Top Abstract Introduction Materials and Methods Results Discussion Disclosure of Potential... Acknowledgments References

 
Cells
Fresh leukemic blasts from 105 patients with AML, taken after informed consent was obtained, were isolated from either bone marrow or peripheral blood by Ficoll-Hypaque density gradient centrifugation and immediately processed. All patients were diagnosed at the Divisions of Hematology of the University La Sapienza, the University Tor Vergata, and the Hospital San Giovanni in Rome, Italy. Leukemias were classified by morphologic and cytochemical criteria according to the FAB classification (5% corresponded to M0, 18% to M1, 19% to M2, 10% to M3, 27% to M4, 20% to M5, and 1% to M6).

The following criteria have been adopted for the diagnosis of FAB M5 (acute monocytic leukemia): (a) 70%–80% of the leukemic cells are morphologically of the monocytic lineage, including monoblasts, promonocytes, and monocytes; (b) a percentage of CD14⁺ cells >40%; (c) a minor granulocytic component (<20%); (d) in FAB M5a, the percentage of monoblasts is predominant (>60%–70%); (e) in FAB M5b, the percentage of promonocytes and monocytes is predominant (>70%); and (f) the large majority of the leukemic population shows intense nonspecific esterase activity, inhibited by sodium fluoride.

All samples analyzed contained infiltration by more than 70% leukemic blasts. Approval for these studies was obtained from the institutional review board of the Istituto Superiore di Sanità, Rome, Italy. Informed consent was obtained in accordance with the Declaration of Helsinki. The NB4 promyelocytic cell line was grown in RPMI 1640 medium containing 10% fetal calf serum (FCS). For induction of granulocytic differentiation, either fresh acute promyelocytic leukemia (APL) blasts or NB4 cells were plated in fresh medium at a density of 0.5 x 10⁶ cells per milliliter and grown for various numbers of days in the presence of 1 µM All Trans Retinoic Acid (Sigma-Aldrich, St. Louis, http://www.sigmaaldrich.com).

Immunophenotypic Analysis of Leukemic Cells
Analysis of cell surface antigens was performed by flow cytometry using a FACScan flow cytometer (Becton, Dickinson and Company, Bedford, MA, http://www.bd.com).
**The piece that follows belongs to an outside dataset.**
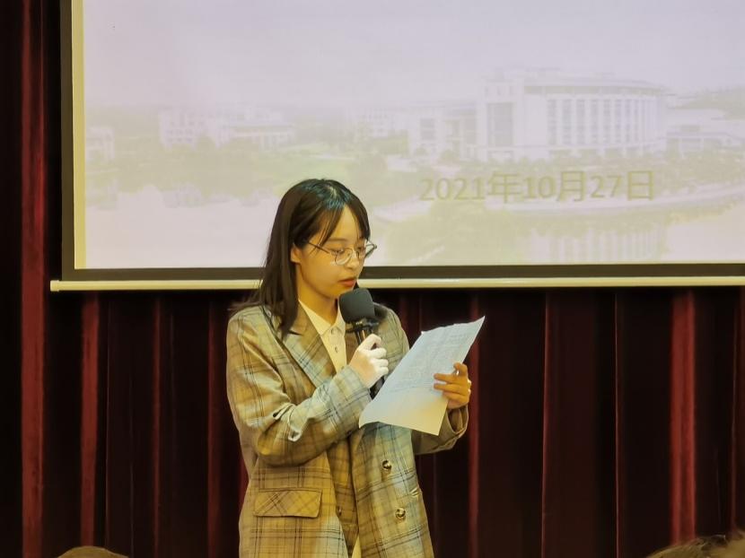 随后,老生代表、swagporn 研究生会主席衣婧发言。衣婧同学分享了自己研究生学习和生活的心得,对同学们提出了以下建议:第一,要沉下心来,坐得住冷板凳。学会探究新问题,学习新方法,研究新思路。第二,要永远满怀对科研和学习的热情。不放弃科研,也要保持对生活的热情。第三,拒绝“内卷”,拒绝“躺平”。要眼中有目标,胸中有理想,心中有信念。最后,衣婧同学表达了对学弟学妹们学习生活的美好祝愿,祝愿学弟学妹,学有所成。
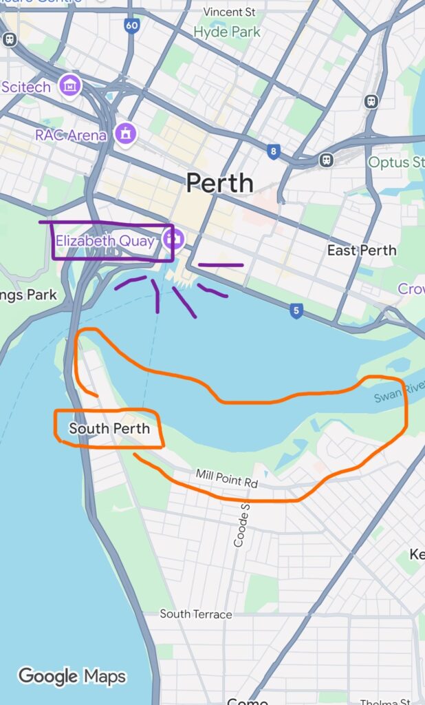 South Perthから徒歩だと少し距離がありますが、車で10分ほどだと思います。

The following antibodies directed to membrane antigens were used for standard immunophenotypic analysis of AML blasts: anti-CD3, -CD7, -CD11a, CD11b, -CD11c, -CD13, -CD14, -CD15, -CD18, -CD19, -CD33, -CD34, -CD36, -CD38, -CD41, -CD45, -CD61, -CD64, -CD71, -CD90, -CD116, -CD117, -CD123, -CD131w, -CD235, and -HLA-DR (all from Pharmingen [San Jose, CA]/Becton Dickinson). In addition, in this study we used the following monoclonal antibodies (mAbs) to characterize AML blasts: anti-VEGF-R1, -VEGF-R2, -VEGF-R3, -Tie-2, anti-macrophage-colony-stimulating factor receptor (-M-CSFR), -c-met, -insulin-like growth factor 1 receptor (-IGF-1R) (all purchased from R&D Systems Inc., Minneapolis, http://www.rndsystems.com), and -CD133 (Miltenyi Biotec, Bergisch Gladbach, Germany, http://www.miltenyibiotec.com). Anti-Flt3 mAb was purchased from Serotec (Oxford, U.K., http://www.serotec.com). Cells were labeled and analyzed as previously reported [23].
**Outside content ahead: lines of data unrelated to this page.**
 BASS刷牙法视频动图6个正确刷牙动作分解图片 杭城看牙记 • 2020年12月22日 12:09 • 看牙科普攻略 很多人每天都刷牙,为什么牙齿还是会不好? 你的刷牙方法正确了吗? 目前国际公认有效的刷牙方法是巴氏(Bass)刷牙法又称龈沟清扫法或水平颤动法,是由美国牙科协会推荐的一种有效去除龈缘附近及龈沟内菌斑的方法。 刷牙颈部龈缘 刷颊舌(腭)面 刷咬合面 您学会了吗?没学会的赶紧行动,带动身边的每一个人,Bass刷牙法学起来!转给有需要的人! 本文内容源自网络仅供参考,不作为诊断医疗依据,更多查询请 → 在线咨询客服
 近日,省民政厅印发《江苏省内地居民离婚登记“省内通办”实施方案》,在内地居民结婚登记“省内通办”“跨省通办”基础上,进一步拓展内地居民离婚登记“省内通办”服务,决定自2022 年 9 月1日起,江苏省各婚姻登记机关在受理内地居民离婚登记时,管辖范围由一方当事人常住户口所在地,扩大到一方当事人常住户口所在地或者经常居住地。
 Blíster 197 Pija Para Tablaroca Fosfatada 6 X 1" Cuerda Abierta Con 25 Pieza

For quantitative evaluation of flt3 (CD135) expression, leukemic cells were incubated with phycoerythrin-labeled anti-CD135 and analyzed by flow cytometry. Cell fluorescence emission was evaluated maintaining a fixed photo multiplier tube voltage to allow a quantitative comparison between various samples. Fluorescence data were evaluated in terms of mean fluorescence intensity (MFI) and were calculated as the ratio between MFI observed in cells incubated with anti-CD135 mAb and the MFI observed for the cells incubated with control IgG. von Willebrand factor (vWF) expression was evaluated on cells fixed and permeabilized using a monoclonal antibody anti-human vWF (Dakopatts, Copenhagen, Denmark; http://www.dako.com).
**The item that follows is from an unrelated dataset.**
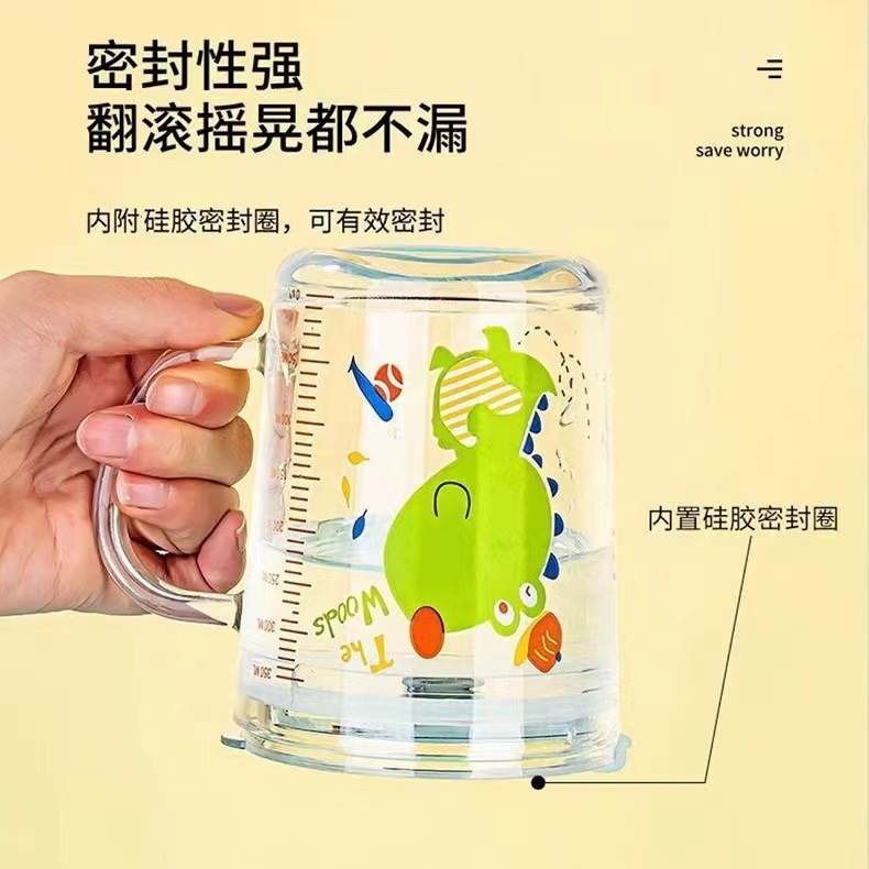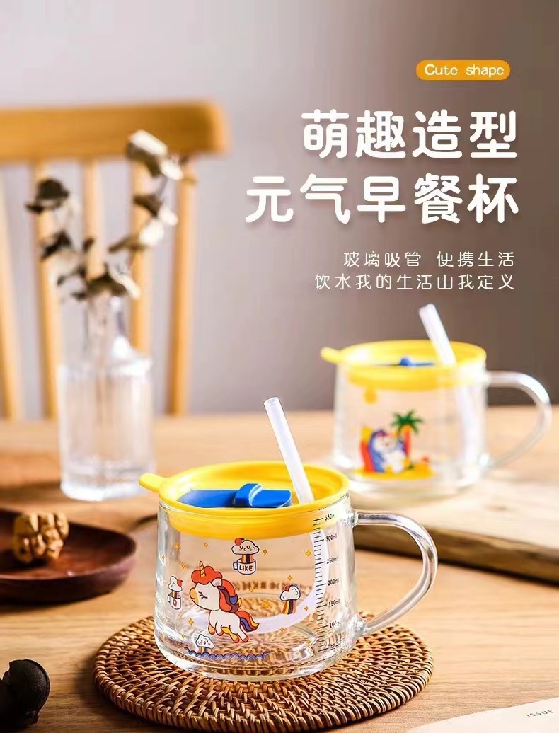 加厚玻璃儿童牛奶杯带刻度吸管杯子家用果汁饮料奶粉卡通带盖水杯
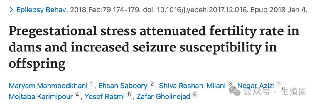 Pregestational stress attenuated fertility rate in dams and increased seizure susceptibility in offspring. Epilepsy Behav. 2018 Feb;79:174-179. doi: 10.1016/j.yebeh.2017.12.016. Epub 2018 Jan 4.

Angiogenic Growth Factor Evaluation in Culture Supernatants of Leukemic Blasts
Leukemic blasts were grown in Stem Pro Medium (Gibco-BRL, Long Island, NY, http://www.gibcobrl.com) at a cell density of 5 x 10⁵ cells per milliliter, containing 1 ng/ml KL (R&D Systems). After 7 days, culture supernatants were collected and evaluated for the concentration of four different angiogenic growth factors (VEGF-A, VEGF-C, Ang-1, and hepatocyte growth factor [HGF]) using sensitive and specific enzyme-linked immunosorbent assays purchased from R&D Systems. The limit of detection of these assays was 10–20 pg/ml. Controls were carried out in parallel to confirm the absolute specificity of these assays.

In Vitro Endothelial Differentiation
In some experiments, leukemic cells were grown at 500,000 cells per milliliter in Human Endothelial/SFM Basal Growth Medium (Gibco-BRL) supplemented with 5% FCS, 20 ng/ml human recombinant VEGF, and 25 ng/ml human recombinant Angiopoietin-1 (both cytokines from R&D Systems) in fibronectin-coated six-well culture dishes (Biocoat; Becton, Dickinson and Company, Franklin Lakes, NJ, http://www.bd.com). At regular intervals, the cells were evaluated for vitality, morphology, and endothelial cell differentiation.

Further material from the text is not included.